The rle function is named for the acronym of “run length encoding”. What does the term “run length” mean? Imagine you flip a coin 10 times and record the outcome as “H” if the coin lands showing heads, and “T” if the coin lands showing tails. You want to know what the longest streak of heads is. You also want to know the longest streak of tails. The run length is the length of consecutive types of a flip. If the outcome of our experiment was “H T T H H H H H T H”, the longest run length of heads would be 5, since there are 5 consecutive heads starting at position 4, and the longest run length for tails would be 2, since there are two consecutive heads starting at position 2. If you just have 10 flips, it is pretty easy to simply eyeball the answer. But if you had 100 flips, or 100,000, it would not be easy at all. However, it is very easy with the rle function in R! That function will encode the entire result into its run lengths. Using the example above, we start with 1 H, then 2 Ts, 5 Hs, 1 T, and finally 1 H. That is exactly what the rle function computes, as you will see below in the example.

How do I use rle?

First, we will simulate the results of a the coin flipping experiment. This is trivial in R using the sample function.
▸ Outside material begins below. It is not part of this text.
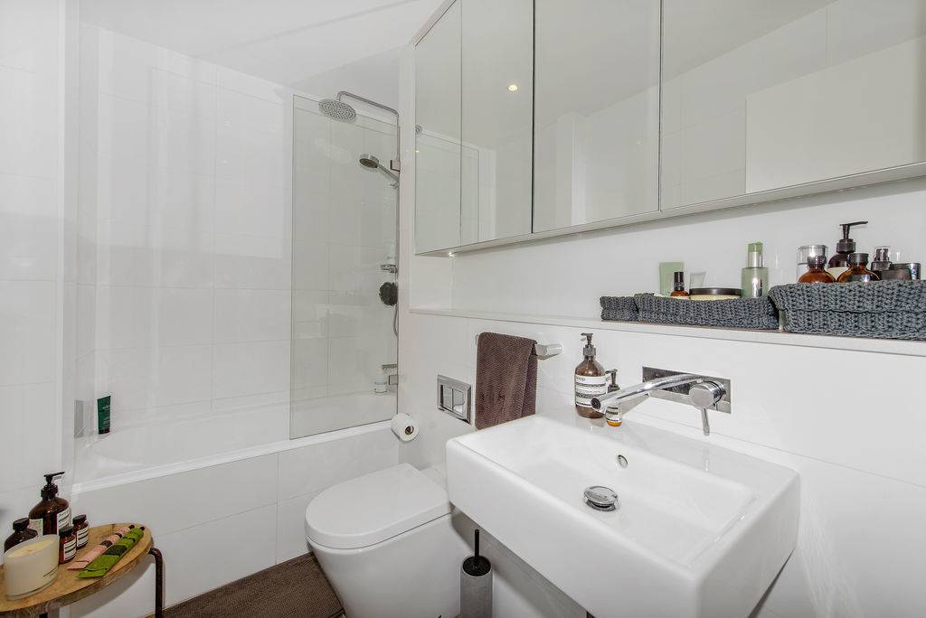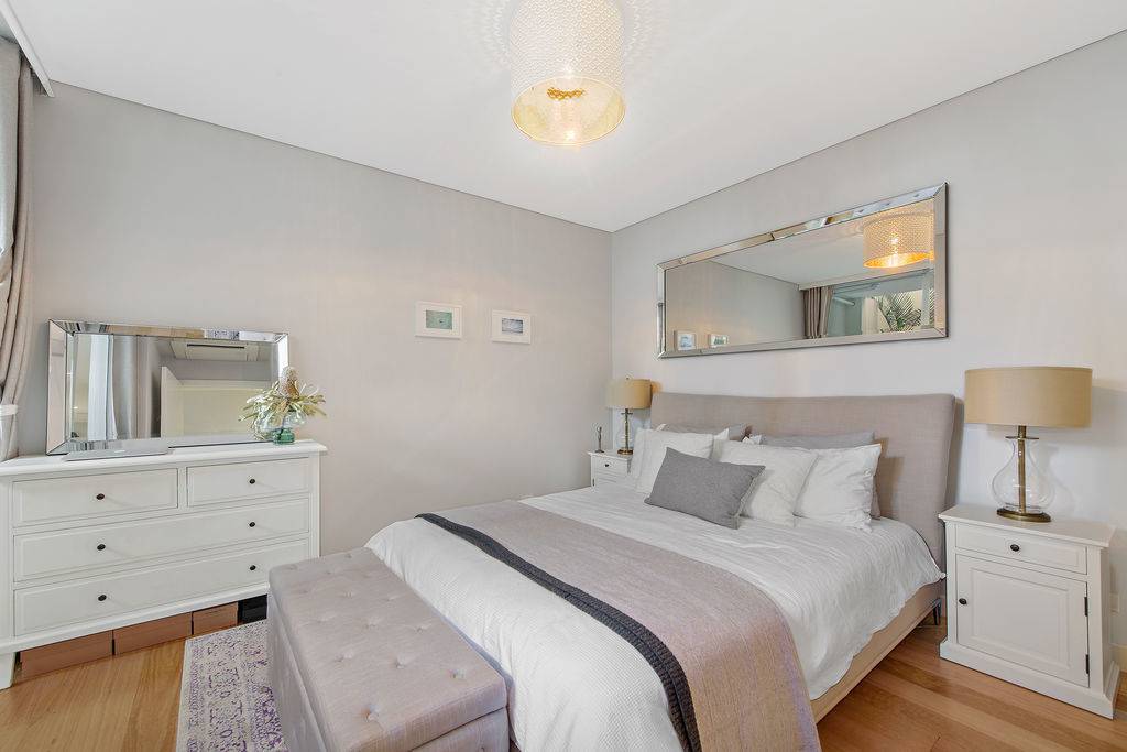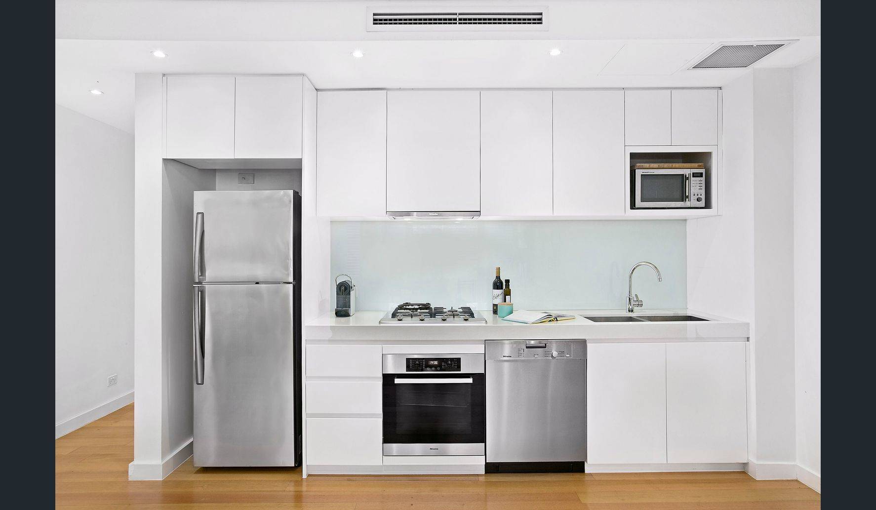 A high-spec gas kitchen is well appointed with stainless steel Miele appliances and a Caesar Stone bench top, while the modern bathroom is tiled floor-to-ceiling and presents a combined shower and bath. Other features of this unmissable property include ducted air conditioning, an internal laundry and underground security parking.

We simulate flipping a coin 1000 times.


> ## generate data for coin flipping example 
> coin <- sample(c("H", "T"), 1000, replace = TRUE)
> table(coin) 
coin
  H   T 
501 499  
> head(coin, n = 20)
 [1] "T" "H" "T" "T" "T" "H" "T" "H" "T" "T" "H" "T" "H" "T"
[15] "T" "T" "H" "H" "H" "H" 

We can see the results of the first 20 tosses by using the head (as in “beginning”, nothing to do with coin tosses) function on our coin vector.

So, our question is, what is the longest run of heads, and longest run of tails? First, what does the output of the rle function look like?


> ## use the rle function on our SMALL EXAMPLE above
> ## note results MATCH what I described above... 
> rle(c("H", "T", "T", "H", "H", "H", "H", "H", "T", "H"))
Run Length Encoding
  lengths: int [1:5] 1 2 5 1 1
  values : chr [1:5] "H" "T" "H" "T" "H" 
> ## use the rle function on our SIMULATED data
> coin.rle <- rle(coin)
> ## what is the structure of the returned result? 
> str(coin.rle)
List of 2
 $ lengths: int [1:500] 1 1 3 1 1 1 2 1 1 1 ...
 $ values : chr [1:500] "T" "H" "T" "H" ...
 - attr(*, "class")= chr "rle" 
> ## sort the data, this shows the longest run of
> ## ANY type (heads OR tails)
> sort(coin.rle$lengths, decreasing = TRUE)
  [1] 9 8 7 7 7 7 7 6 6 6 6 6 6 6 6 5 5 5 5 5 5 5 5 5 5 5 5
 [28] 5 5 5 5 5 5 5 5 5 4 4 4 4 4 4 4 4 4 4 4 4 4 4 4 4 4 4
 [55] 4 4 4 4 4 4 4 3 3 3 3 3 3 3 3 3 3 3 3 3 3 3 3 3 3 3 3
 [82] 3 3 3 3 3 3 3 3 3 3 3 3 3 3 3 3 3 3 3 3 3 3 3 3 3 3 3
[109] 3 3 3 3 3 3 3 3 3 3 3 3 3 3 3 3 3 3 3 3 2 2 2 2 2 2 2
[136] 2 2 2 2 2 2 2 2 2 2 2 2 2 2 2 2 2 2 2 2 2 2 2 2 2 2 2
[163] 2 2 2 2 2 2 2 2 2 2 2 2 2 2 2 2 2 2 2 2 2 2 2 2 2 2 2
[190] 2 2 2 2 2 2 2 2 2 2 2 2 2 2 2 2 2 2 2 2 2 2 2 2 2 2 2
[217] 2 2 2 2 2 2 2 2 2 2 2 2 2 2 2 2 2 2 2 2 2 2 2 2 2 2 2
[244] 2 2 2 2 2 2 2 1 1 1 1 1 1 1 1 1 1 1 1 1 1 1 1 1 1 1 1
[271] 1 1 1 1 1 1 1 1 1 1 1 1 1 1 1 1 1 1 1 1 1 1 1 1 1 1 1
[298] 1 1 1 1 1 1 1 1 1 1 1 1 1 1 1 1 1 1 1 1 1 1 1 1 1 1 1
[325] 1 1 1 1 1 1 1 1 1 1 1 1 1 1 1 1 1 1 1 1 1 1 1 1 1 1 1
[352] 1 1 1 1 1 1 1 1 1 1 1 1 1 1 1 1 1 1 1 1 1 1 1 1 1 1 1
[379] 1 1 1 1 1 1 1 1 1 1 1 1 1 1 1 1 1 1 1 1 1 1 1 1 1 1 1
[406] 1 1 1 1 1 1 1 1 1 1 1 1 1 1 1 1 1 1 1 1 1 1 1 1 1 1 1
[433] 1 1 1 1 1 1 1 1 1 1 1 1 1 1 1 1 1 1 1 1 1 1 1 1 1 1 1
[460] 1 1 1 1 1 1 1 1 1 1 1 1 1 1 1 1 1 1 1 1 1 1 1 1 1 1 1
[487] 1 1 1 1 1 1 1 1 1 1 1 1 1 1 
> ## use the tapply function to break up
> ## into 2 groups, and then find the maximum
> ## within each group
> 
> tapply(coin.rle$lengths, coin.rle$values, max)
H T 
9 8  

So in this case the longest run of heads is 9 and the longest run of tails is 8. The tapply function was discussed in a previous R Function of the Day article.

Summary of rle

The rle function performs run length encoding. Although it is not used terribly often when programming in R, there are certain situations, such as time series and longitudinal data analysis, where knowing how it works can save a lot of time and give you insight into your data.